» Extracted entries
'''

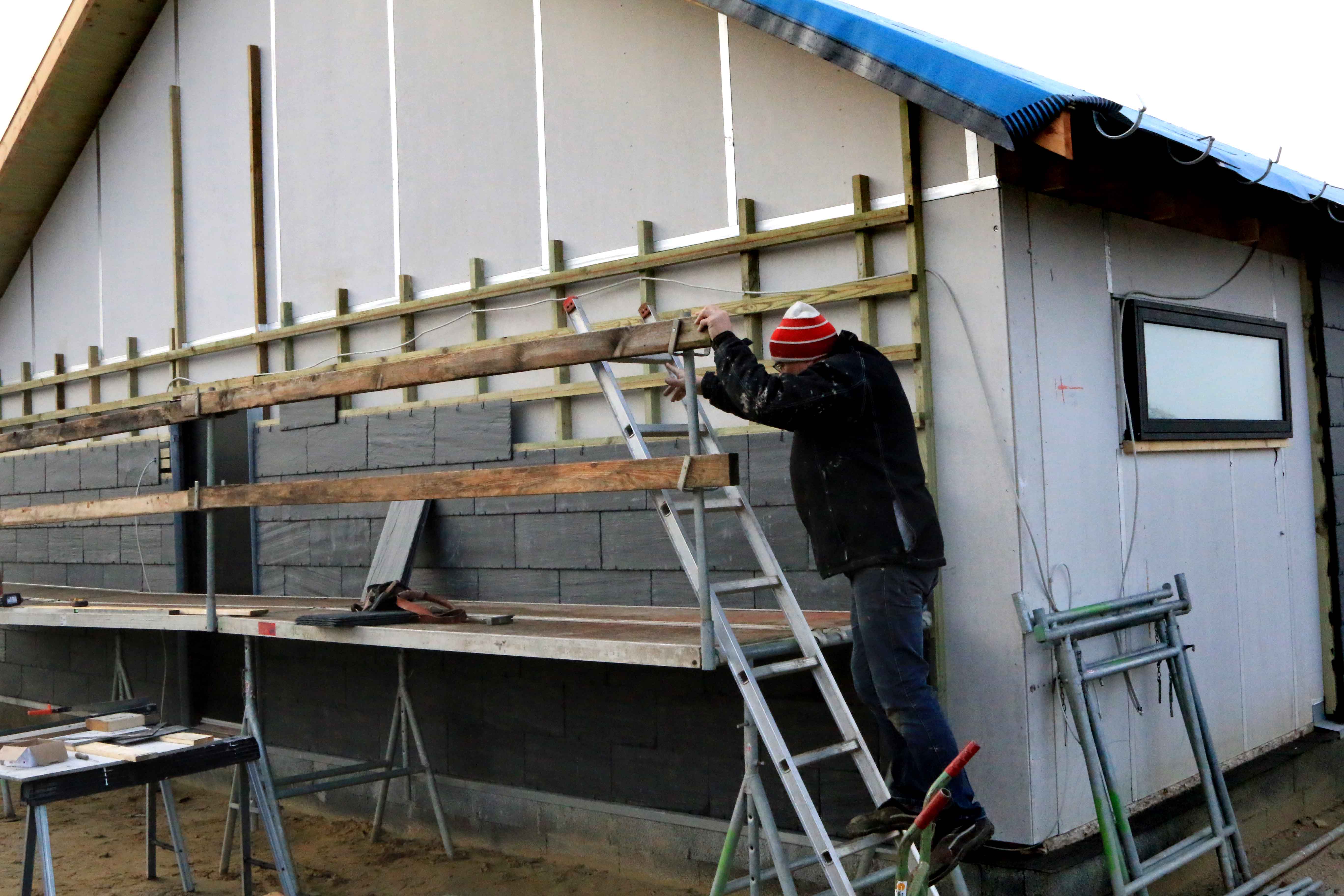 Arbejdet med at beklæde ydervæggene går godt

'''
'''

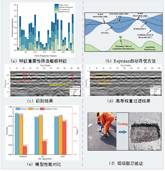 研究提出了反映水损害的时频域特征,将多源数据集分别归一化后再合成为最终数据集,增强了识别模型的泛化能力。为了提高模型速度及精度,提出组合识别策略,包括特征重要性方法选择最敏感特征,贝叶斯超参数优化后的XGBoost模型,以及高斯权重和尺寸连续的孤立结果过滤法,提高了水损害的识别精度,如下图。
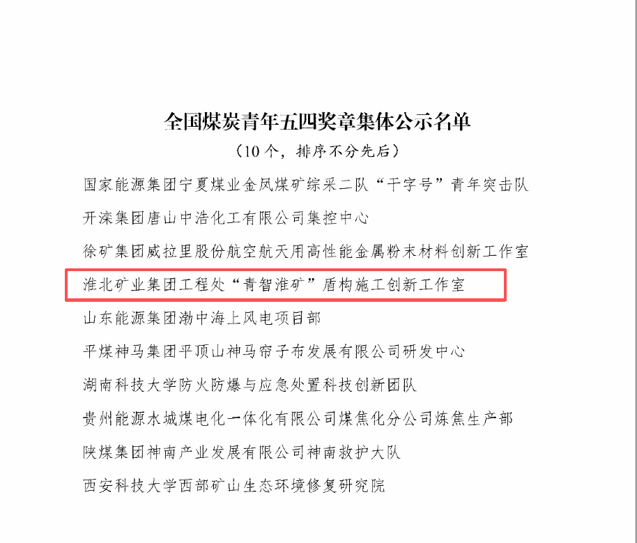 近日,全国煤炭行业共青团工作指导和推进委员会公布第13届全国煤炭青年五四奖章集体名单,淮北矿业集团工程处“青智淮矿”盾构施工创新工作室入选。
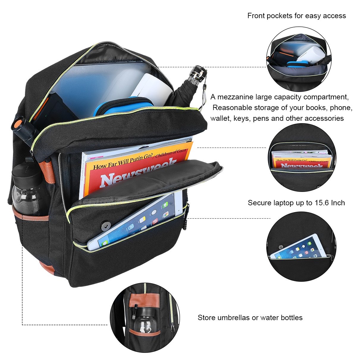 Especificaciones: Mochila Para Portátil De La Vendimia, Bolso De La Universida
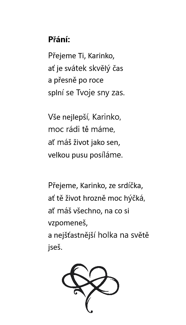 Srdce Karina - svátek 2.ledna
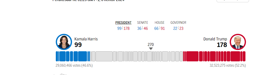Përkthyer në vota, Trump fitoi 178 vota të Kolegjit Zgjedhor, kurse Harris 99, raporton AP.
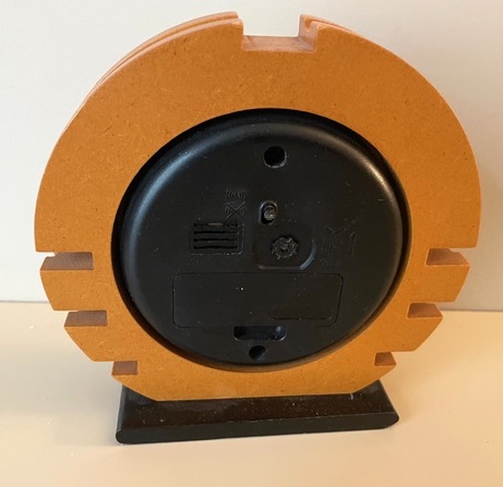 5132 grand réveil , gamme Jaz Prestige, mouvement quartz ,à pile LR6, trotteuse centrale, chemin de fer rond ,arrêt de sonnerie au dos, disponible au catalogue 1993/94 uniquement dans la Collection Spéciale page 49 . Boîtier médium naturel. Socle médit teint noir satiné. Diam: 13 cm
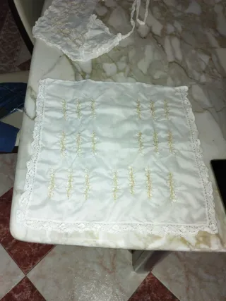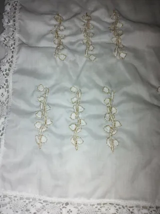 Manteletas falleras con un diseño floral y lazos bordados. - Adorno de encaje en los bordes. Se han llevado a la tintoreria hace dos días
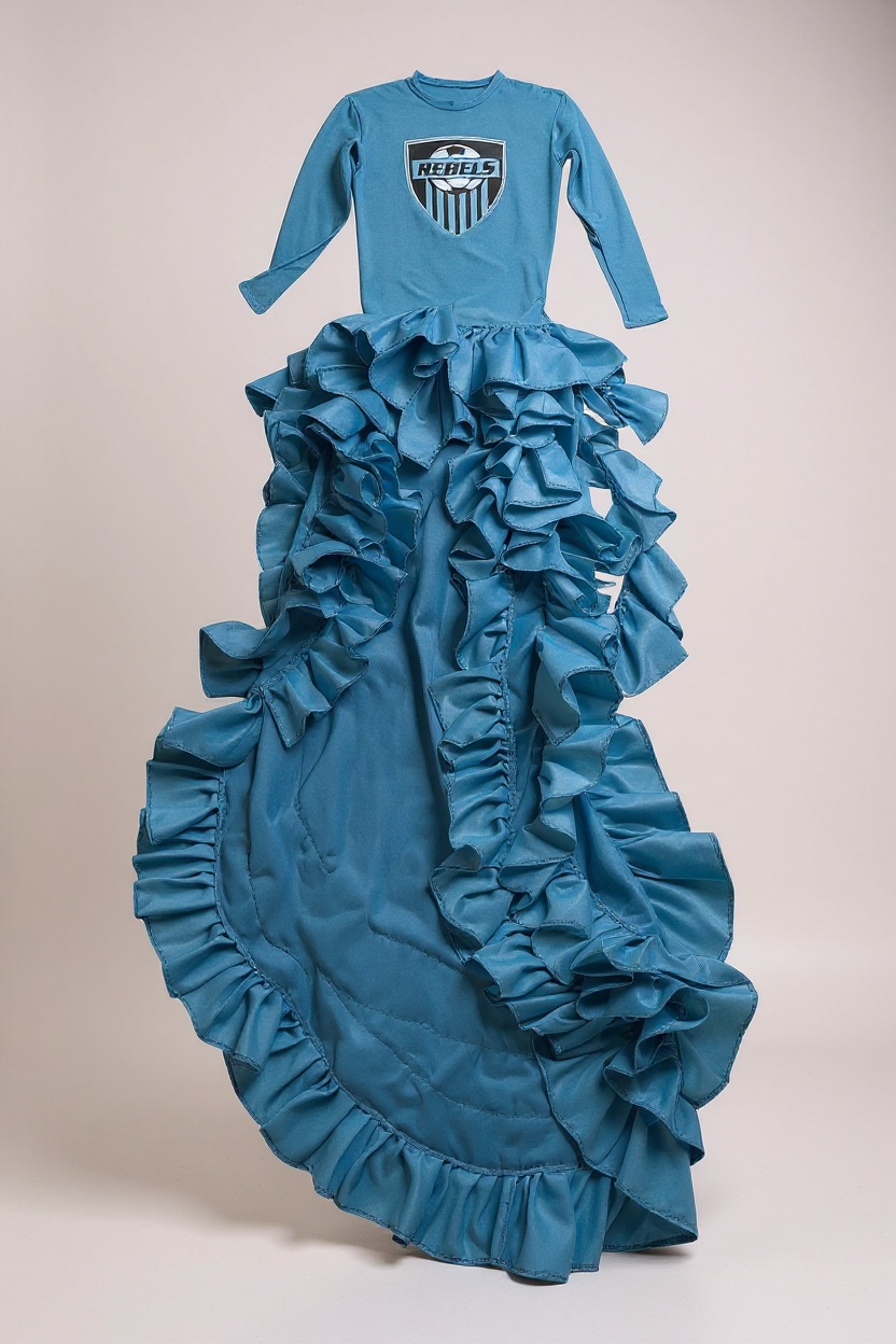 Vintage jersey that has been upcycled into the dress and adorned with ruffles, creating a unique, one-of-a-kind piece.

'''

For this task, return exactly the stretch of the listing above from the line with "近日,全国煤炭行业共青团工作" through the line with "Përkthyer në vota, Trump", inclusive and without pictures.

» Problem solution
 近日,全国煤炭行业共青团工作指导和推进委员会公布第13届全国煤炭青年五四奖章集体名单,淮北矿业集团工程处“青智淮矿”盾构施工创新工作室入选。
 Especificaciones: Mochila Para Portátil De La Vendimia, Bolso De La Universida
 Srdce Karina - svátek 2.ledna
Përkthyer në vota, Trump fitoi 178 vota të Kolegjit Zgjedhor, kurse Harris 99, raporton AP.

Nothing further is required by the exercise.